• Data shown:
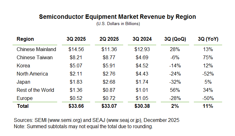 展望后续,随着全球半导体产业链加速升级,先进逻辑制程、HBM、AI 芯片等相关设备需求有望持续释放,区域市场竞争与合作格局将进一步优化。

--

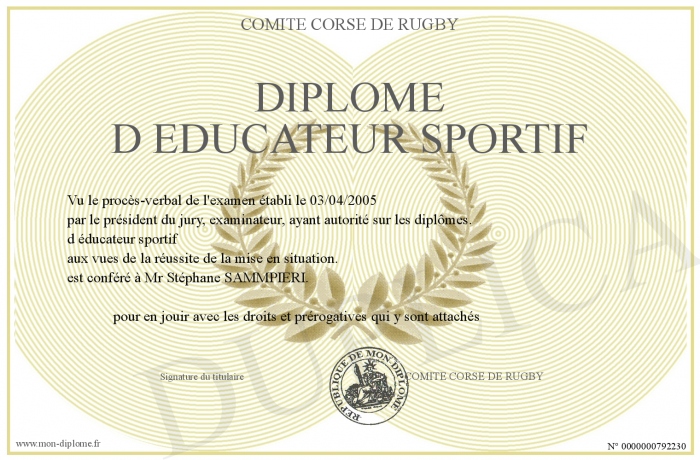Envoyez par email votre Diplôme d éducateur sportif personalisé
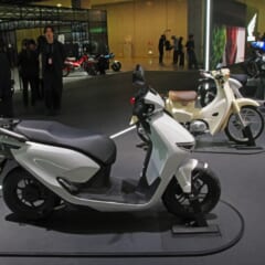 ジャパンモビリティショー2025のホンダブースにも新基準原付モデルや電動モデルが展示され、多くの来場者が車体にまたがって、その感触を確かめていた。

• What you have to do: While skipping the pictures, transcribe the data above from the line showing "Envoyez par email" through the line showing "ジャパンモビリティショー20", exactly and with both ends.

• Answer space:
Envoyez par email votre Diplôme d éducateur sportif personalisé
 ジャパンモビリティショー2025のホンダブースにも新基準原付モデルや電動モデルが展示され、多くの来場者が車体にまたがって、その感触を確かめていた。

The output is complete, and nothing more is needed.